Пока сидевший рядом человек в черных шароварах тянулся за кошкой, которая, вопреки ожиданиям, не испугалась и не сбежала, король опустился на четвереньки, – вот никогда в жизни он не делал это, не пристало такое королям! – посмотрел кошке прямо в глаза и зашипел. Пронзительный мяв огласил окрестность. Кошка прыгнула на голову тому, кто пытался взять ее в руки, и вцепилась ему в глаза, тот заорал, пытаясь отодрать ее от себя. «Что там за шум?!» – послышался окрик старшего. Но было уже поздно.

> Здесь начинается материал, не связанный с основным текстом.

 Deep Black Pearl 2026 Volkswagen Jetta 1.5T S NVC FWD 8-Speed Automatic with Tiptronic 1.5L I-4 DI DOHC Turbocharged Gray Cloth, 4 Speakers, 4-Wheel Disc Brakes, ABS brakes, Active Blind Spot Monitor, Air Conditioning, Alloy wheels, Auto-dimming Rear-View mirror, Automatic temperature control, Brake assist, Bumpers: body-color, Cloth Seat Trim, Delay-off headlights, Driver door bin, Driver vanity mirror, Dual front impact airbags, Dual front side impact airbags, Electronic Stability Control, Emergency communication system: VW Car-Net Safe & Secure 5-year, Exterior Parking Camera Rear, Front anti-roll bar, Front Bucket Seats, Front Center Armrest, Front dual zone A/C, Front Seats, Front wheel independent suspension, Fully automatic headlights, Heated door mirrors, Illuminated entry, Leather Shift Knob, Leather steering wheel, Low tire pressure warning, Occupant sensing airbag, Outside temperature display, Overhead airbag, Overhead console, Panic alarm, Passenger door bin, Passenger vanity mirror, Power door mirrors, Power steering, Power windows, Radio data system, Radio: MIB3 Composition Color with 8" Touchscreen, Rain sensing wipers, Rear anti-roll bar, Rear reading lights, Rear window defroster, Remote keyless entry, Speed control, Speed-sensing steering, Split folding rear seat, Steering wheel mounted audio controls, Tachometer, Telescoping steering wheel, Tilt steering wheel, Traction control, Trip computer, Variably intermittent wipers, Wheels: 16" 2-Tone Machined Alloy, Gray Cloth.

Стайка птичек вспорхнула из кустов. Вскинула голову светловолосая красавица у чесмы, вскочила на ноги, схватила свою саблю и с криком бросилась к сараю. Был ли у них шанс? Когда король Александр подбежал к сараю, там уже вовсю кипела схватка. Караджоржда, его дама и пара гайдуков из ближней охраны рубились с бандитами князя Вуицы. Но силы были неравны. Как бы отчаянно ни сражался Караджорджа, нападавших было много больше. Он разрядил в них уже все свои пистолеты, но всё новые и новые убийцы выбегали из леса. Люди его уже были порублены саблями. Вот и светловолосая красавица его упала на траву, белое полотно на ее груди заливало красной кровью. Сам Караджорджа, раненый тремя пулями, упал на одно колено, но продолжал при этом отчаянно размахивать своими большими саблями. Но один раненый, даже будь то сам вождь, не может одолеть целую толпу убийц. Получив удар в спину, он упал на траву ничком, но был еще жив. Один из убийц поднял его голову за волосы и нанес удар палашом по шее. Раздался ужасный хряск. Хлынула кровь, голова отделилась от тела.

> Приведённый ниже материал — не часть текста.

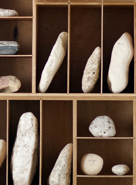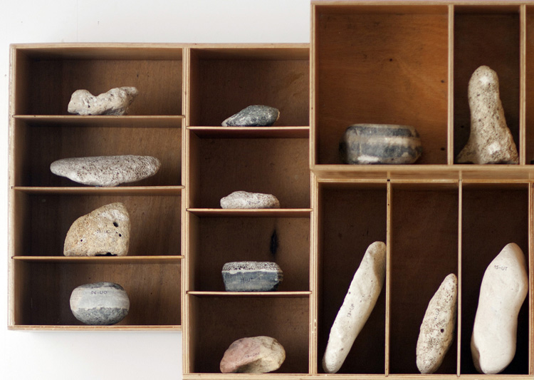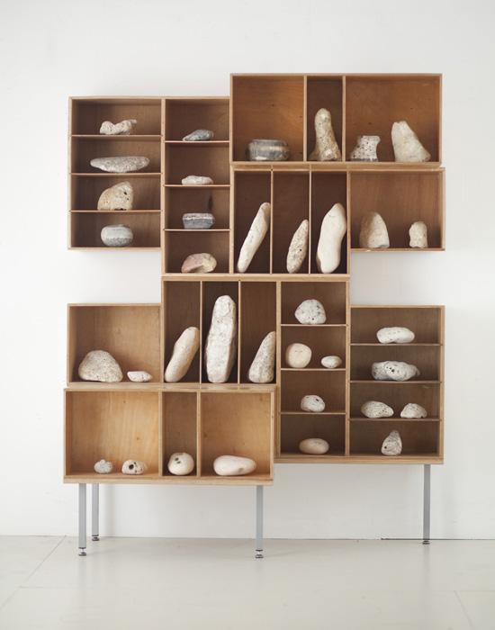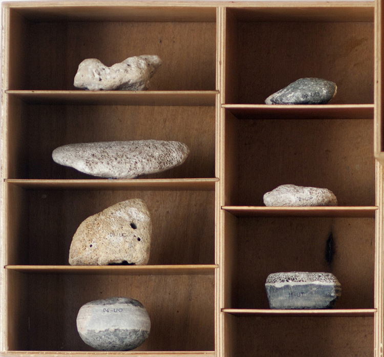 Cette bibliothèque est construite sur la base des aménagements de véhicule professionnel. Ici un peugeot partner. Les 2 modules habituellement disposés face à face sont ici empilés. A chacun des anniversaires des objets de la collection "tout ce que je vous ai volé", pour les 20 ans de leur disparition, je suis allé prélever une pierre que j'ai annotée de 1 à 36 suivi des initiales de chacun d'entre eux.

Кровь заливала траву. Кровь заливала землю, эту землю, испокон веков. И кому было под силу изменить это? Кровь застила глаза королю Александру. Бежать, бежать из этой проклятой страны! Бежать от этих дикарей, из которых даже не разберешь, кто плох, а кто хорош. Бежать, срочно бежать! От этих бесконечных старцев с их пророчествами. От этих попов с крестами и мощами. От этих ужасных патриотов и рубак-военных. От этих примитивных и вороватых крестьян, которые только днем крестьяне, но лишь наступает ночь, становятся… нет, не вампирами, всего лишь бандитами, но те ведут себя вполне по-упыриному. Бежать во что бы то ни стало! Яркий солнечный свет померк перед глазами короля. Ничего, утром он велит собирать вещи, документы и драгоценности, и они с королевой отбудут в Биарриц, где не достанет их никакая Черная рука. Надо будет заложить все эти королевские дворцы жидам-банкирам и купить себе виллу на берегу, с большим парком, где можно будет наслаждаться жизнью, а не ожидать убийц с минуты на минуту. Уже почти сто лет прошло с тех пор, как первый Обренович приказал убить первого Караджорджевича, и даже время оказалось не в силах прервать цепь этих кровавых безумств.

Так размышлял король Александр, обнаружив, что он опять в своем кабинете, лежит на оттоманке, и что все его видения вековой давности рассеялись, как дым. Это определенно походило на безумие. Надо будет посетить венского кудесника Фрейда, самого модного врача, светило психоанализа. Говорят, он толкует сны и видения и точно говорит, что они означают, не хуже всех этих старцев.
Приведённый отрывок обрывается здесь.